She's "lost it" a few times with Adam, she acknowledges, and she recognizes when things have escalated to the point where he has to stay in his room. It usually happens when she's over-tired and he just won't stop yelling in her face. Echolalia, they call it — when you say something and the autistic person repeats it endlessly back to you.

"I definitely do have periods of depression," says Nancy. "I have always had periods of depression. I think my way of coping is to escape mentally. Blocking Adam out is a form of survival because he repeats things over and over and over again. It drives you mad if you don't tune it out. And sometimes it does escalate. It's true."

But Adam's 27 now, and Nancy finds herself stepping toward the most major decision of her life.

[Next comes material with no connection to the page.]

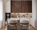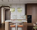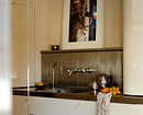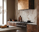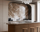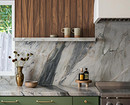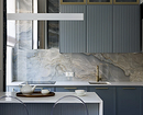 Для фартука камень используют преимущественно в виде цельных панелей, часто из того же материала делают столешницу. Облицовка вписывается в большинство стилей, но особенно гармонично смотрится в минимализме, классике и неоклассике, ар-деко и модерне.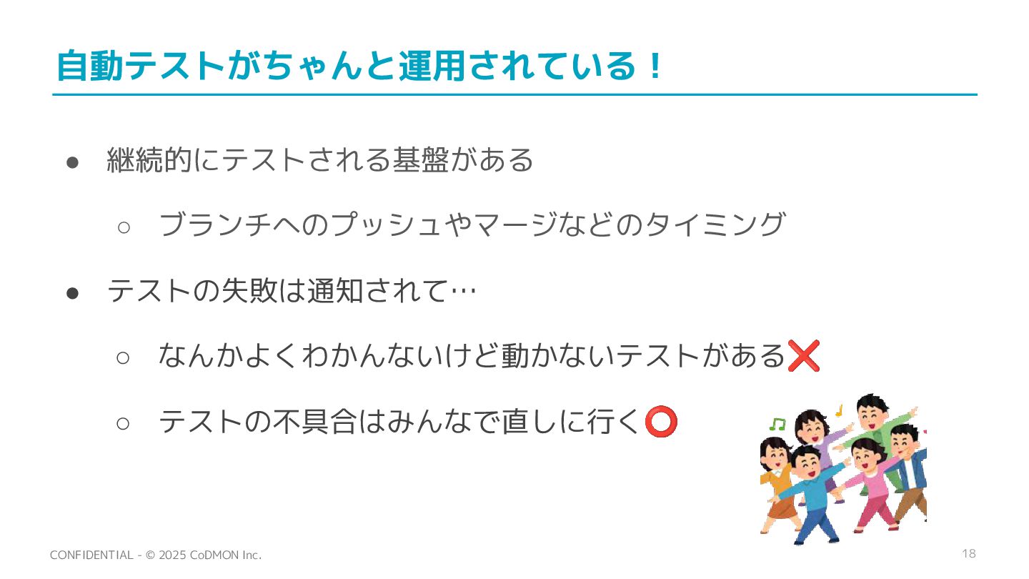 18 CONFIDENTIAL - © 2025 CoDMON Inc. 自動テストがちゃんと運用されている! • 継続的にテストされる基盤がある

For parents with severely handicapped children, there usually comes a time where they've got to put their faith in another caregiver — when their "kids" have got to move to another living situation for everyone's sanity. Adam has to move on so that Nancy herself can finally live. He is so ingrained in her daily existence that she has little separation from him; and he is an integral part of his sister Sarah's and father Rich's lives as well.

"I have been alone for 12 years," says Nancy, who is divorced from Rich, who is remarried with two children. "I had one boyfriend after we got divorced, and to insert somebody in a situation with Adam is very hard. I have no life of my own, and yeah, in order to make a life with someone else it would be very hard on both to learn how to live with each other. I've learned it as he's grown, so I've been able to bend and learn how to deal with things."

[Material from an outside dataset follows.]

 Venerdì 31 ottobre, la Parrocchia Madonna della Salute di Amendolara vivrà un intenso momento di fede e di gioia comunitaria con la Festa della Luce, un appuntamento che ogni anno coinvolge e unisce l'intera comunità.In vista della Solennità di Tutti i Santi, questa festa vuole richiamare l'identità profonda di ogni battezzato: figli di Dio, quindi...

Sarah, Adam's sister, is 20 months his junior. She slid naturally into a protector/caretaker role with Adam, which laid the groundwork for her own career: She works at the New England Center for Children and is working on her master's degree in counseling psychology at Framingham State College. As with her mom, it's remarkable to watch her interact with Adam.

 

"My mom has sacrificed a lot, and continues to," says Sarah. "It takes an immense amount of patience. My brother is the most influential person in my life just because of the patience he's taught me and I really appreciate the life's lessons I've learned from him about accepting others. It does make me sad to know that my mom doesn't necessarily have a life of her own. She works every day and works more when my brother gets home. She never ever gets a break. We have conversations about Adam because ultimately, when my parents are gone, the role falls on me. And the waiting list for places to live is long. I'm trying to encourage her to start looking for a place for him because finding a good place is difficult."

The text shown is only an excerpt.